- **What you need to do**: Type out the listing below exactly. Pictures stay out of it.

- **Given information**:
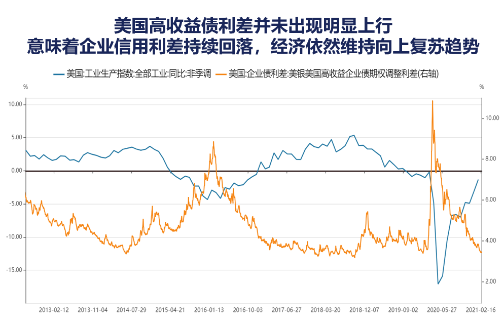 股市有很多的散户,尤其是最近像GME这些股票,里面有很多不理性的散户。但是债券市场是更加理性的,债券市场更加关注公司的基本面,因为基本面直接代表了这个公司是不是违约的,所以从债券市场的信号来说,并没有担心美国这些企业信用风险的恶化。
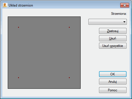 Jeżeli w trakcie definiowania użytkownik popełnił błąd (źle zdefiniowany został kształt strzemienia), to istnieje możliwość usunięcia takiego strzemienia; należy wybrać nazwę takiego strzemienia z listy rozwijanej strzemion i nacisnąć przycisk Usuń. Naciśnięcie przycisku Usuń wszystko spowoduje usunięcie wszystkich zdefiniowanych kształtów strzemienia.
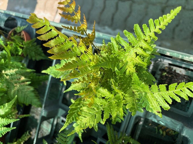 Conţinutul setului: 1 buc Bucuraţi-vă de această strălucire deosebită! Frunzele de ferigă strălucesc în culoarea de cupru - portocaliu. Ideală pentru locurile umbroase şi semi umbroase. Înălțimea plantei la maturitate: 30 cm.

- **Exercise answer**:
 股市有很多的散户,尤其是最近像GME这些股票,里面有很多不理性的散户。但是债券市场是更加理性的,债券市场更加关注公司的基本面,因为基本面直接代表了这个公司是不是违约的,所以从债券市场的信号来说,并没有担心美国这些企业信用风险的恶化。
 Jeżeli w trakcie definiowania użytkownik popełnił błąd (źle zdefiniowany został kształt strzemienia), to istnieje możliwość usunięcia takiego strzemienia; należy wybrać nazwę takiego strzemienia z listy rozwijanej strzemion i nacisnąć przycisk Usuń. Naciśnięcie przycisku Usuń wszystko spowoduje usunięcie wszystkich zdefiniowanych kształtów strzemienia.
 Conţinutul setului: 1 buc Bucuraţi-vă de această strălucire deosebită! Frunzele de ferigă strălucesc în culoarea de cupru - portocaliu. Ideală pentru locurile umbroase şi semi umbroase. Înălțimea plantei la maturitate: 30 cm.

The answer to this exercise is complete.